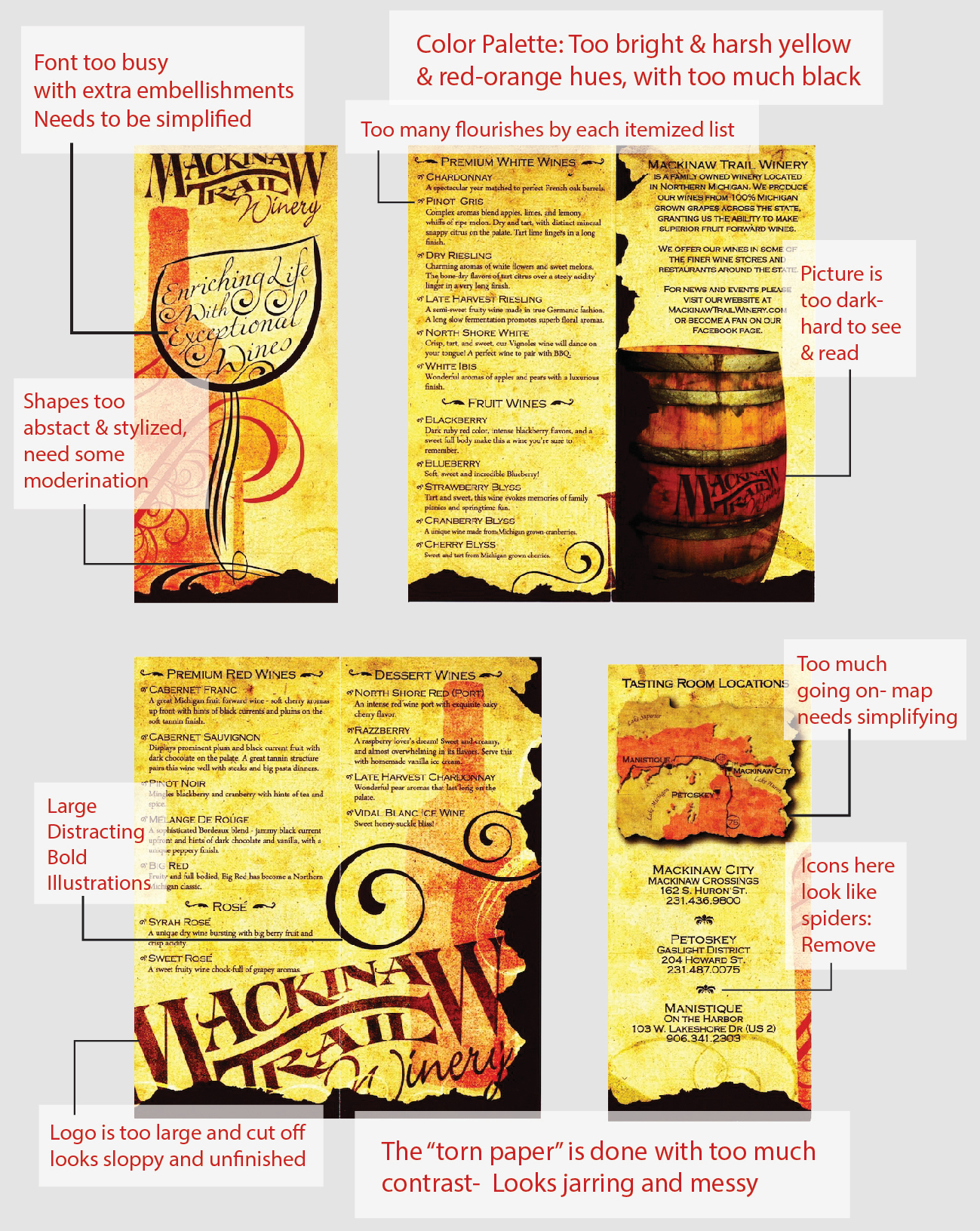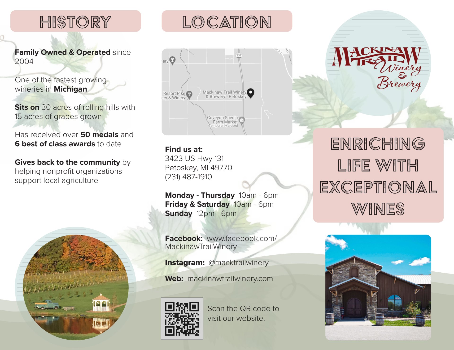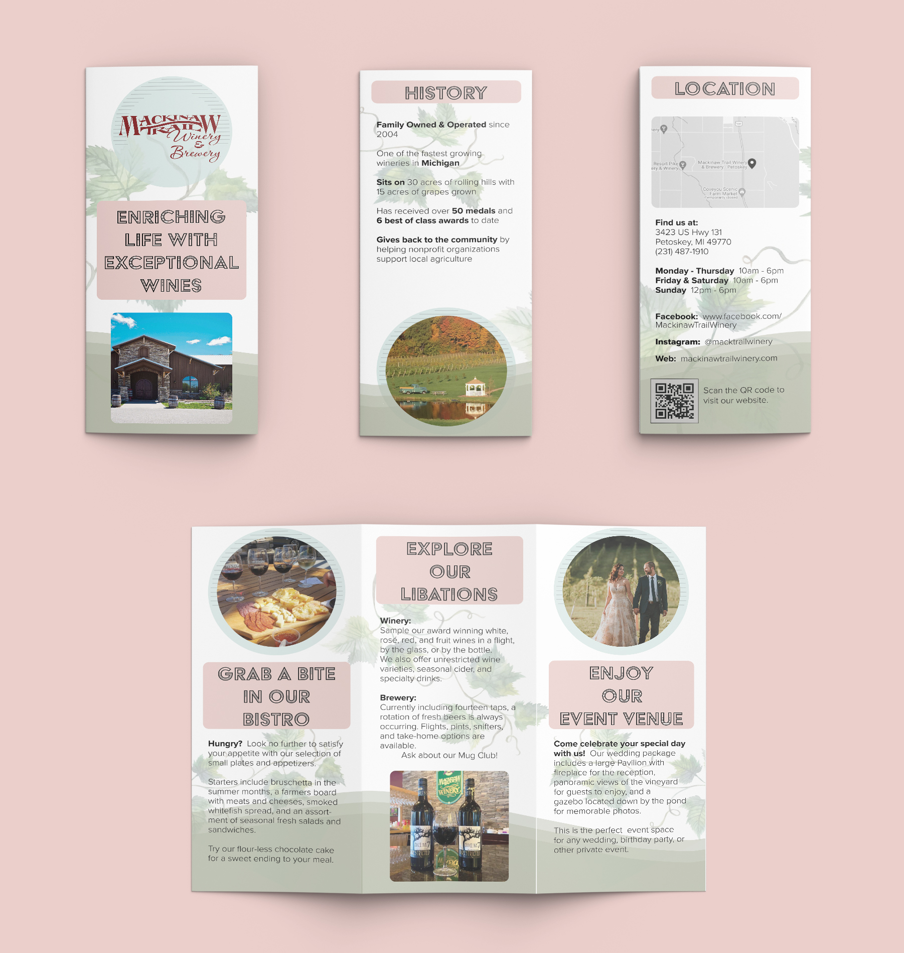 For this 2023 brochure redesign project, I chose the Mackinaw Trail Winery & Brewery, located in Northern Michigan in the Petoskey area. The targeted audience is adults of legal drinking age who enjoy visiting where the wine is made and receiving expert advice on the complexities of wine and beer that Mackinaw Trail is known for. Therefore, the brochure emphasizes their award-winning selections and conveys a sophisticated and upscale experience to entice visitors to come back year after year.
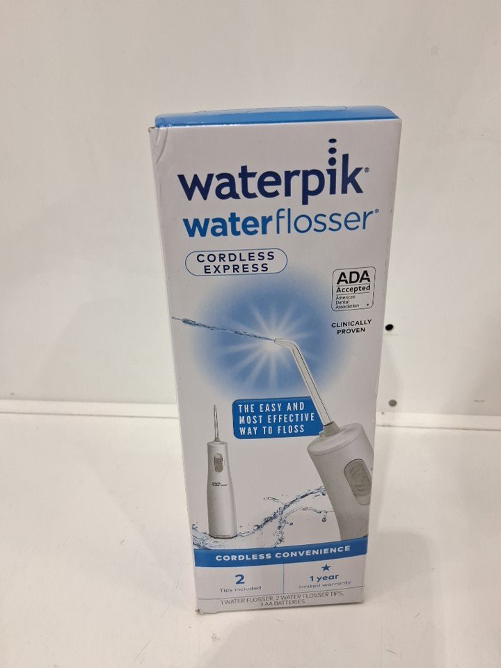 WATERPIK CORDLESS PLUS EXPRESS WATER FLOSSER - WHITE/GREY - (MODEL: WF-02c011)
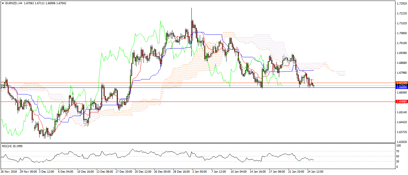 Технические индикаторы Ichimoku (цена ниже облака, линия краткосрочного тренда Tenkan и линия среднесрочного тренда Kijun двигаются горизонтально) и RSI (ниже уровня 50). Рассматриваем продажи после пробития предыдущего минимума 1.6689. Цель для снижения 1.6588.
● ● ●
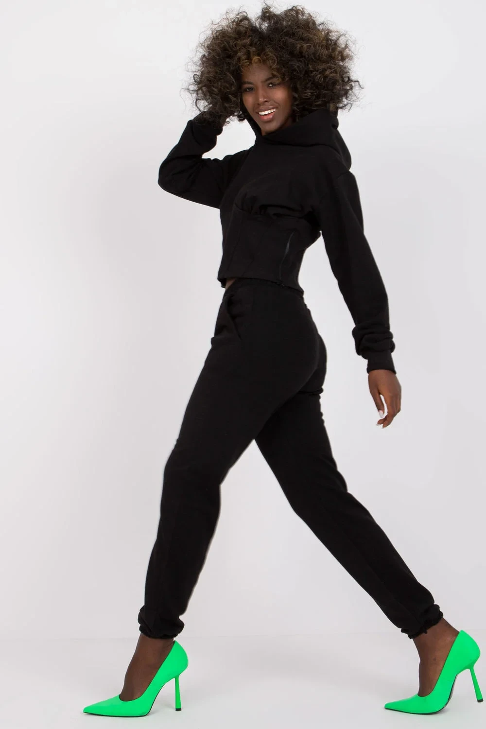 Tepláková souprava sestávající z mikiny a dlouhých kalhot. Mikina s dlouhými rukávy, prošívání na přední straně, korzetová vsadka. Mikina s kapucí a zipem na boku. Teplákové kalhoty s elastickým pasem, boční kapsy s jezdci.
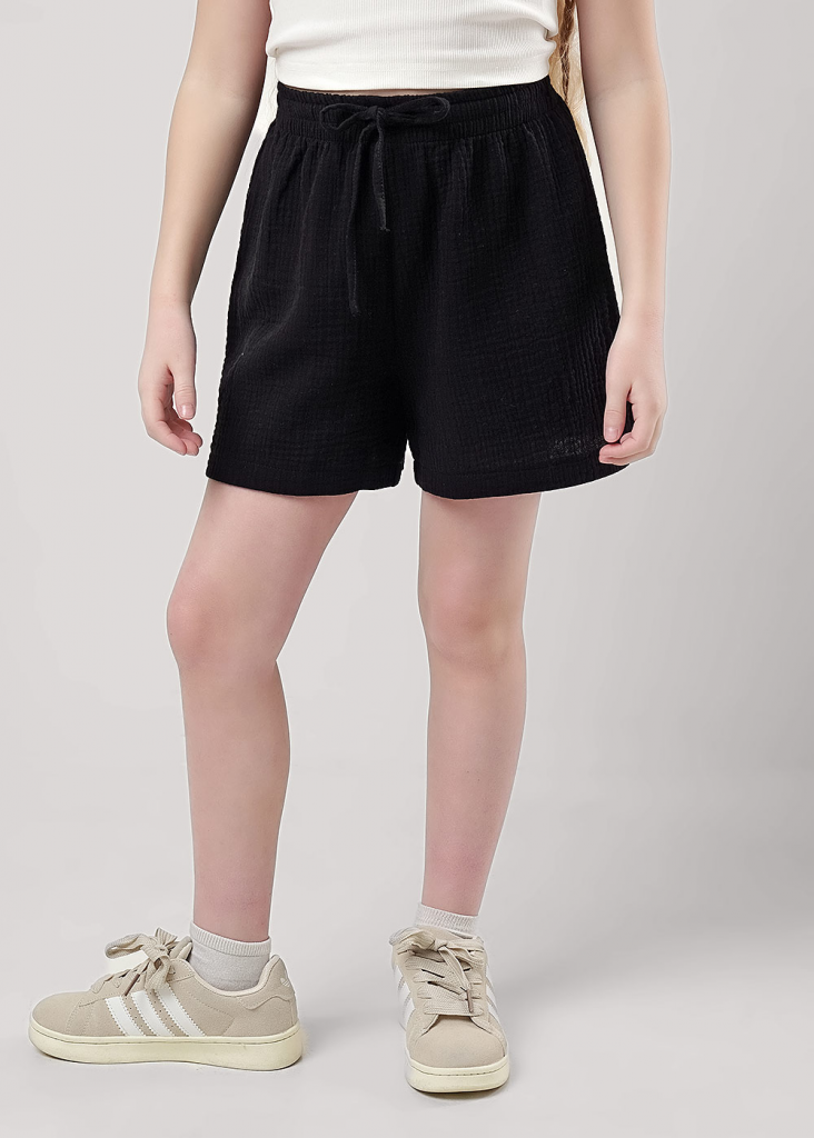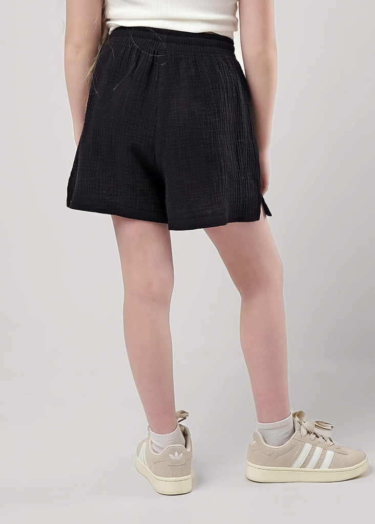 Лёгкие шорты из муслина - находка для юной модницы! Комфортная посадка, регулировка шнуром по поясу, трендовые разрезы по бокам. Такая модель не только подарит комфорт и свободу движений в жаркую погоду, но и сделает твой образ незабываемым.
● ● ●
WORK ITEM: Reproduce, word for word, only the lines in the records above from the line with "For this 2023" through the line with "Технические индикаторы Ichimoku", including both ends; omit the pictures.

ANSWER SPACE:
 For this 2023 brochure redesign project, I chose the Mackinaw Trail Winery & Brewery, located in Northern Michigan in the Petoskey area. The targeted audience is adults of legal drinking age who enjoy visiting where the wine is made and receiving expert advice on the complexities of wine and beer that Mackinaw Trail is known for. Therefore, the brochure emphasizes their award-winning selections and conveys a sophisticated and upscale experience to entice visitors to come back year after year.
 WATERPIK CORDLESS PLUS EXPRESS WATER FLOSSER - WHITE/GREY - (MODEL: WF-02c011)
 Технические индикаторы Ichimoku (цена ниже облака, линия краткосрочного тренда Tenkan и линия среднесрочного тренда Kijun двигаются горизонтально) и RSI (ниже уровня 50). Рассматриваем продажи после пробития предыдущего минимума 1.6689. Цель для снижения 1.6588.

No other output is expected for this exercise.